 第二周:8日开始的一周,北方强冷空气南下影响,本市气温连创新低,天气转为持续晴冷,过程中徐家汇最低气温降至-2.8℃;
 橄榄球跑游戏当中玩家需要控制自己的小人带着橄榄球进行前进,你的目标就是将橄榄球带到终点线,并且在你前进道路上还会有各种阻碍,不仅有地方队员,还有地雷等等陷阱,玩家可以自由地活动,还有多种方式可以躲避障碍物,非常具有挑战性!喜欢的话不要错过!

--

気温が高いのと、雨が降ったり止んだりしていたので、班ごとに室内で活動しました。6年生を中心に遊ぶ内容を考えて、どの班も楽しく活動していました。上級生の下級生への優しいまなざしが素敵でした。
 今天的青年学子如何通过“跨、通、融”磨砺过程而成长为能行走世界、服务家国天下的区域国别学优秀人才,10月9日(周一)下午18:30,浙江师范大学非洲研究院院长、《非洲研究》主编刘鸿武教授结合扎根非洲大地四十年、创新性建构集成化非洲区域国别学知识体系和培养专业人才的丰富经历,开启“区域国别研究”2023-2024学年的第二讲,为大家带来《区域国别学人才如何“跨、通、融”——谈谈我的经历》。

--

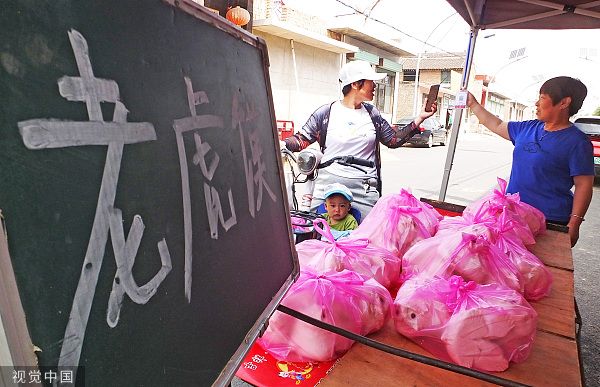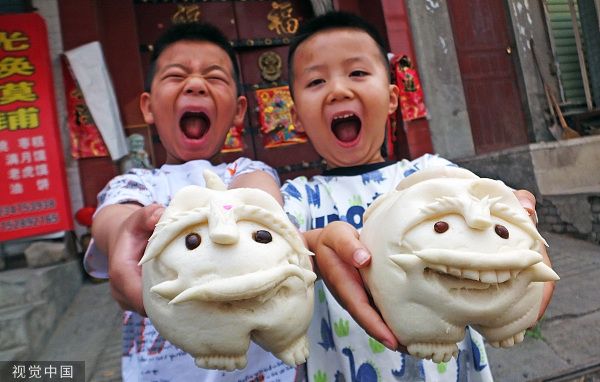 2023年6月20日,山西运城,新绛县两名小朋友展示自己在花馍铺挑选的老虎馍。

### Required work
Looking at the data above, write out exactly the lines that start at the one containing "第二周:8日开始的一周,北方" and end at the one containing "橄榄球跑游戏当中玩家需要控制"; include both and nothing beyond.

### Output of the exercise
 第二周:8日开始的一周,北方强冷空气南下影响,本市气温连创新低,天气转为持续晴冷,过程中徐家汇最低气温降至-2.8℃;
 橄榄球跑游戏当中玩家需要控制自己的小人带着橄榄球进行前进,你的目标就是将橄榄球带到终点线,并且在你前进道路上还会有各种阻碍,不仅有地方队员,还有地雷等等陷阱,玩家可以自由地活动,还有多种方式可以躲避障碍物,非常具有挑战性!喜欢的话不要错过!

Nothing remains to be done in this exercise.